When a line of the entries contains "Westland", please list that line.

:: Available data ::

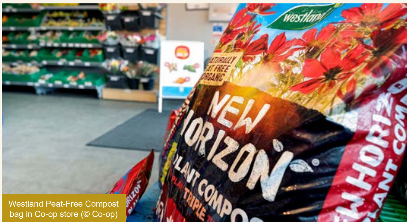
Westland Peat-Free Compost bag in Co-op store

Westland's New Horizon product is based on wood-fibre which is a renewable resource made from wood-chips at their production site in Northern Ireland. Westland are signed up to the UK's Responsible Sourcing Scheme for their growing media production.
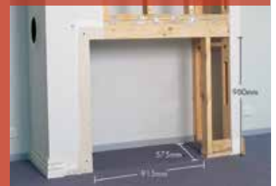
Zero Clearance Box positioned in framework
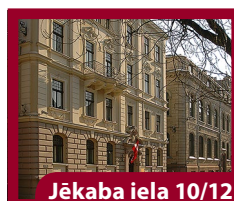
Jēkaba iela 10/12
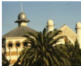
methodist church cnr deakin avenue & tenth street mildura view of roof line jun1980
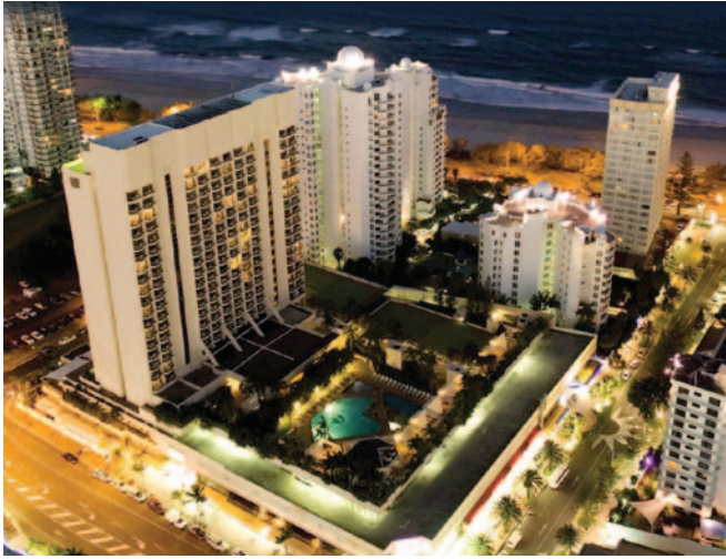
Outrigger Surfers Paradise
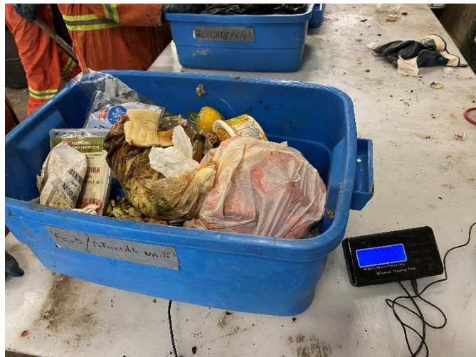
Photo 67: Food waste bin separated from HRM collection area 9. Photo taken May 19, 2022 during waste audit.
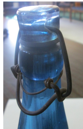
Dark blue Millville bottle with glass stopper
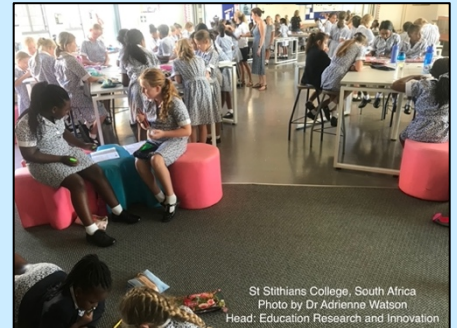
St Stithians College, South Africa
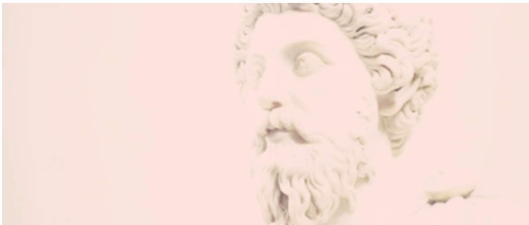
Illustration 2, extracted from Shutter Island , 00:55:46
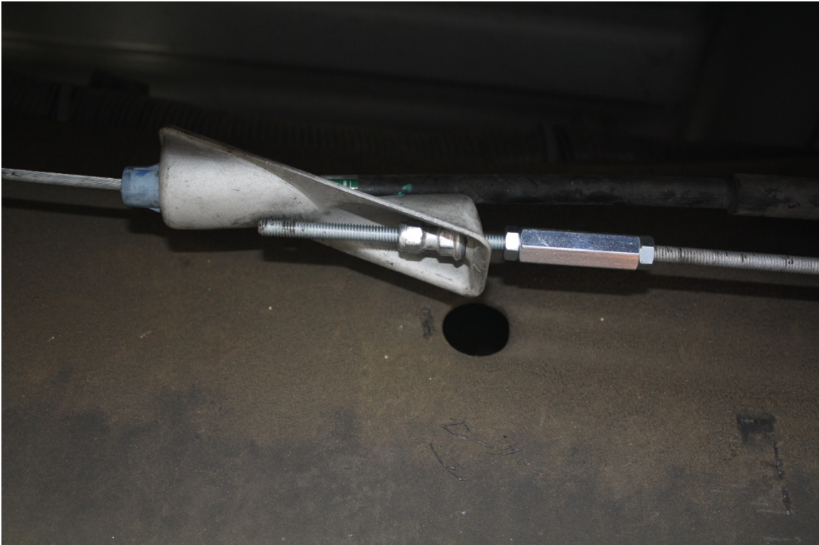
Figure 4: Completed installation. Adjust accordingly.
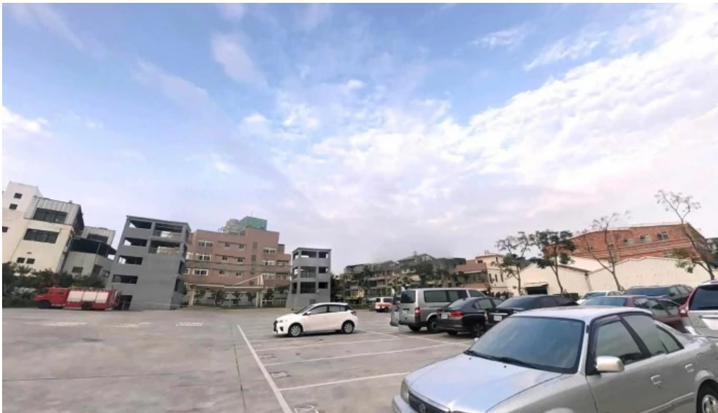
uan city fire department training center and disaster prevention education center Jie Jing He 360 Du Quan Jing 2
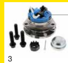
Integrated impulse wheel & ABS sensor
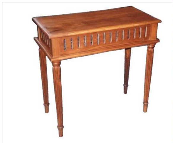
CODE: EB - 144 SIDE TABLE CAPSUL SMALL SIZE: W 80 x D 40 x H 75 (cm)
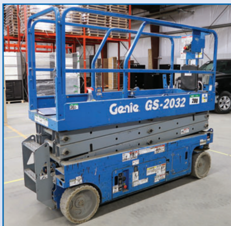
GENIE GS-2032 ELECTRIC SCISSOR LIFT
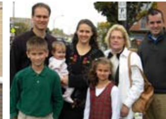
Foreign Missions Trip to Montreal, Quebec
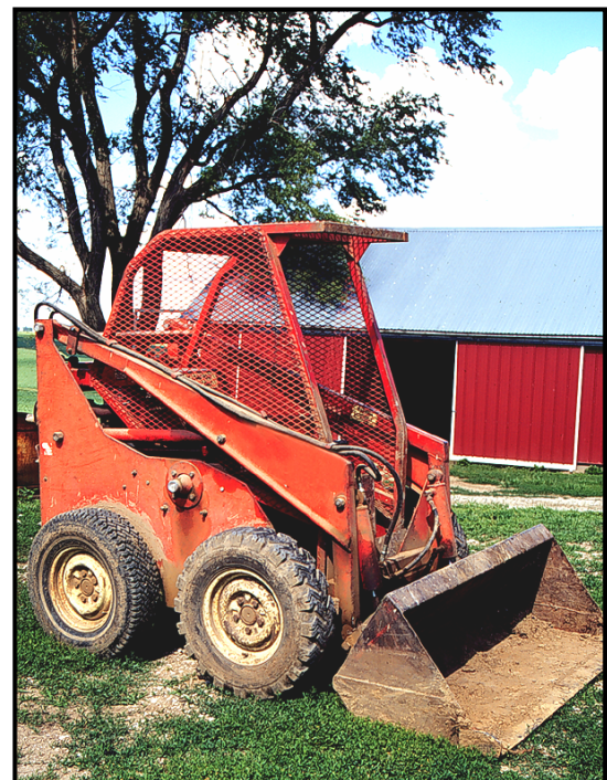
Photo 1 -- Old skid-steer loader with ROPS cage re-attached by new owner.

A 69-year-old farmer was found dead while cleaning snow from a hog-sorting pen. The man was driving a small skid-steer loader, which was 20-30 years old. The man was working alone, and details of the incident are unclear. He was found sitting in the operator's seat, leaning to his left, with the left hydraulic lift arm pushing down and crushing his chest against the machine frame. The man's hands were next to the control levers for the machine, which has led family members to suspect he may have lost consciousness prior to being pinned by the machine. There was nothing obviously in the vicinity that the man could have been reaching for. The work surface was flat concrete, and he was moving snow, as he had done many times before with the same machine. He had removed the protective cage on the machine years ago to provide access to an old-style hog house, so there was no protection between the operator and the hydraulic lift arms. He had owned this skid-steer loader for many years, and was very accustomed to using it without the cage.
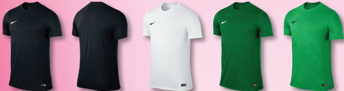
010 Black/(White) 010 Backview 100 White/(Black) 302 Pine Green/(White) 303 Hyper Verde/(Black)

Life-cycle: 01 April 2016 - 31 March 2020
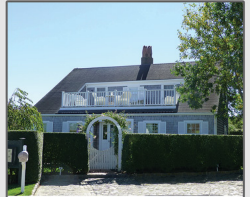
BRANT POINT 4 Stone Barn Way
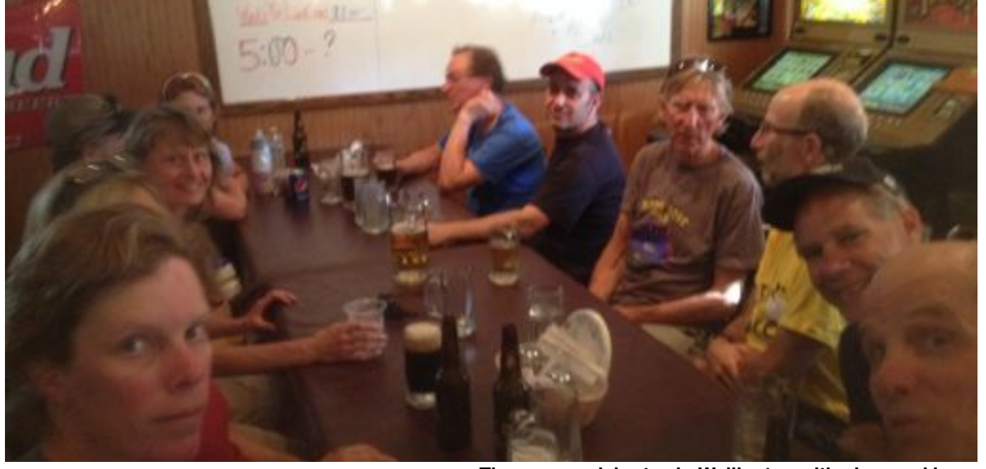
The group celebrates in Wellington with pizza and beer.
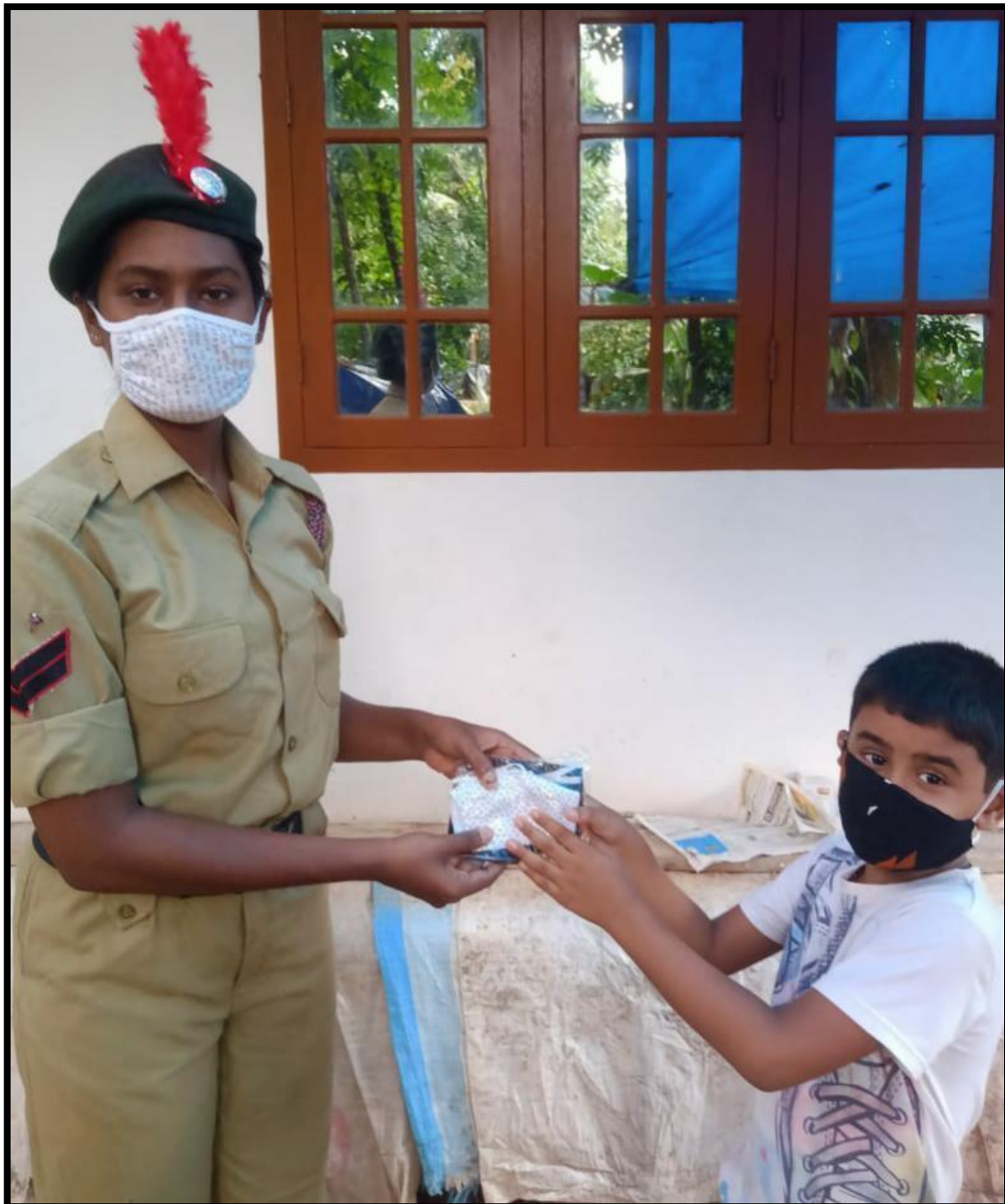
Mask distribution drive
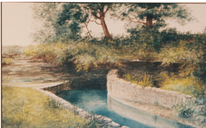
Big Spring Watercolor: 6 1/2" X 10" watercolor signed lower left, Hunleigh.
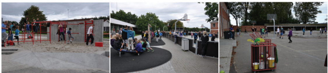
Fig. 1. Examples of the physical environment changes and the provision of unfixed equipment from three of the seven intervention schools.

The intervention consisted of 11 components targeting the physical and organizational environment at the schools in three main areas: (i) after school fitness program, (ii) active school transport and (iii) recess PA. The intervention components targeting
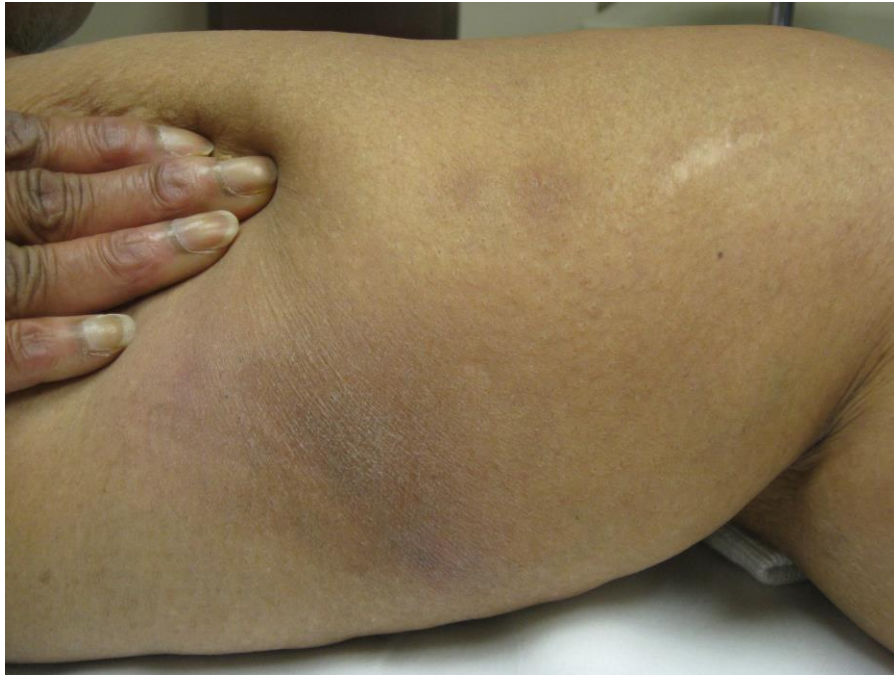
Figure 3. Ill-defined erythematous indurated nodules seen at second visit.

At her visit three months later, the smaller papules and pustules had resolved with oral doxycycline, but the larger, ill-defined, firm, tender erythematous nodules were still present and were suspicious for panniculitis mimicking erythema nodosum (Figure 3).
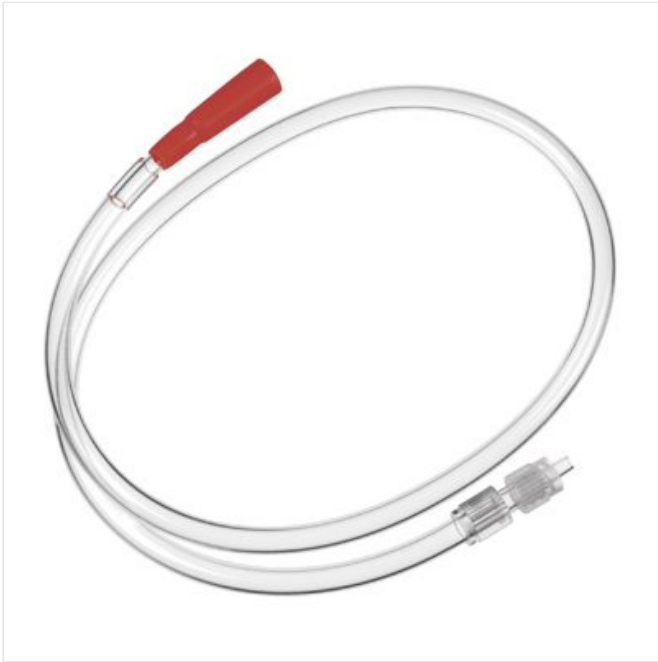
Fitting set Luer Lock

:::

Result of the exercise |
Westland Peat-Free Compost bag in Co-op store
Westland's New Horizon product is based on wood-fibre which is a renewable resource made from wood-chips at their production site in Northern Ireland. Westland are signed up to the UK's Responsible Sourcing Scheme for their growing media production.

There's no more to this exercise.